Author : N.C. Evans, S.W. Huang & J.P. King
The Natural Terrain Landslide Study (NTLS) is part of a series of integrated GEO studies of the risks associated with natural terrain in Hong Kong. The aims of the NTLS are to investigate the distribution, nature and probable causes of landsliding on natural terrain in Hong Kong and to assess the hazard from such events.
Phase I of the Study, which began in September 1995, comprised the establishment of an inventory of landslides on natural terrain, covering the whole of Hong Kong, based on the interpretation of high-level aerial photographs taken during the past 50 years. Digitisation of this inventory and the compilation and digitisation of other regional datasets was also completed during Phase I.
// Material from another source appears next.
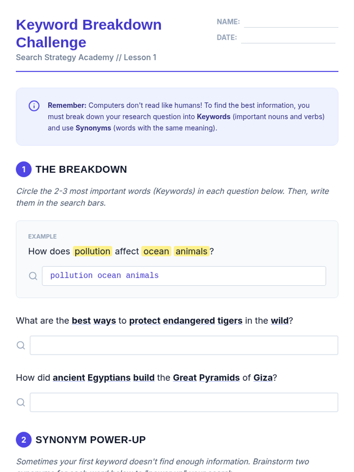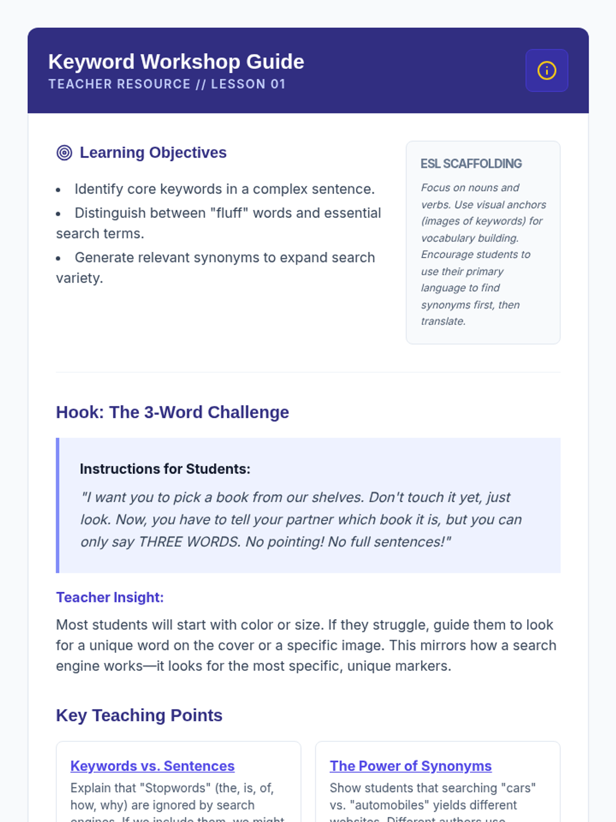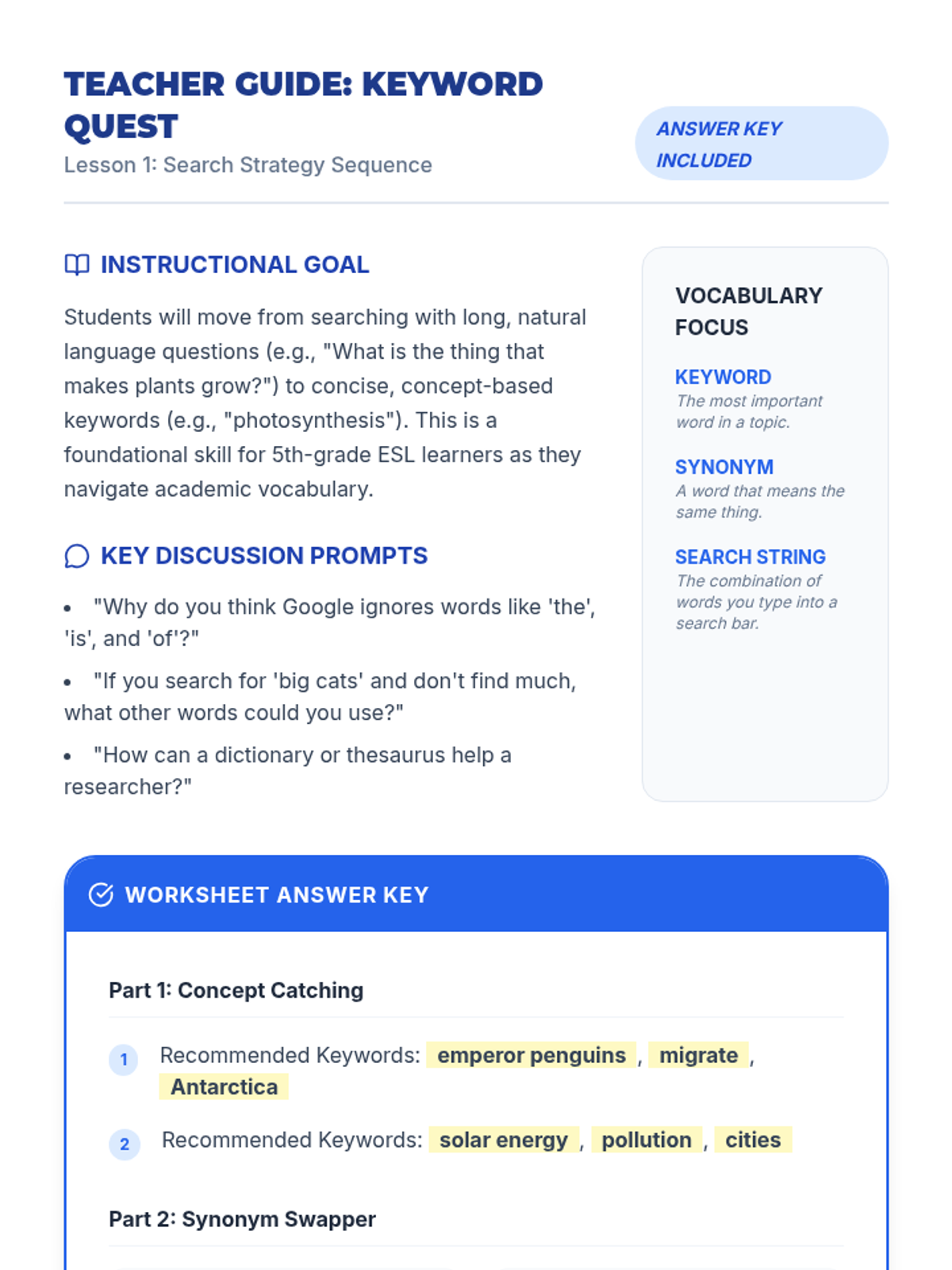 A 5-lesson unit for 6th-grade ESL students focused on transforming search habits from natural language questions to strategic keyword and Boolean operator techniques. Students move from basic vocabulary brainstorming to navigating academic databases and skimming snippets for relevance.

Phase II of the Study comprised the incorporation of the landslide inventory and the other datasets into a Geographic Information System (GIS), the analysis of these data to determine correlations between landslide distribution and possible causal factors, and a preliminary assessment of hazard. Additional work was carried out to determine correlations between rainfall and natural terrain landsliding, review methods for predicting landslide debris run-out distances and examine suitable types of landslide mitigation techniques.
This report describes the work undertaken during Phases I and II of the Study, presents some conclusions and discusses the implications for future work.
All natural terrain in Hong Kong has been surveyed using aerial photographs taken between 1945 and 1994, and data on over 25,000 visible natural terrain landslides have been collected. These data, together with information on geology, slope angle, geomorphology and vegetation have been entered into a Geographic Information System (GIS) in order to examine the spatial distribution of landslides with respect to these factors.
It appears that the underlying geology and the angle of slope are the most important parameters for determining natural terrain landslide susceptibility at the regional scale. Geological strata which appear to be particularly susceptible include rhyolitic and dacitic lavas, jointed tuffs, layered sequences of volcaniclastic rocks and lavas, and layered sedimentary sequences. The most susceptible slopes are generally those with angles of approximately 35º to 40º. The shape and aspect of a particular slope may also be useful in assessing susceptibility.
The approximate runout distance has been determined for nearly 9,000 landslides (the more recent events). Of these, 2.3% (204) have plan runout distances of more than 150 m and 0.3% (34) have plan runout distances of more than 300 m.
Data on natural terrain landslides for the period 1985 to 1994 have been compared with rainstorm intensity on a yearly basis. This has allowed the assessment of rainfall intensity thresholds for the onset of natural terrain landsliding. It appears that a rainfall event affecting perhaps 20% to 50% of Hong Kong and with the potential to trigger a high density (more than ten per square kilometre) of natural terrain landsliding in susceptible areas, can be expected, on average, every two years.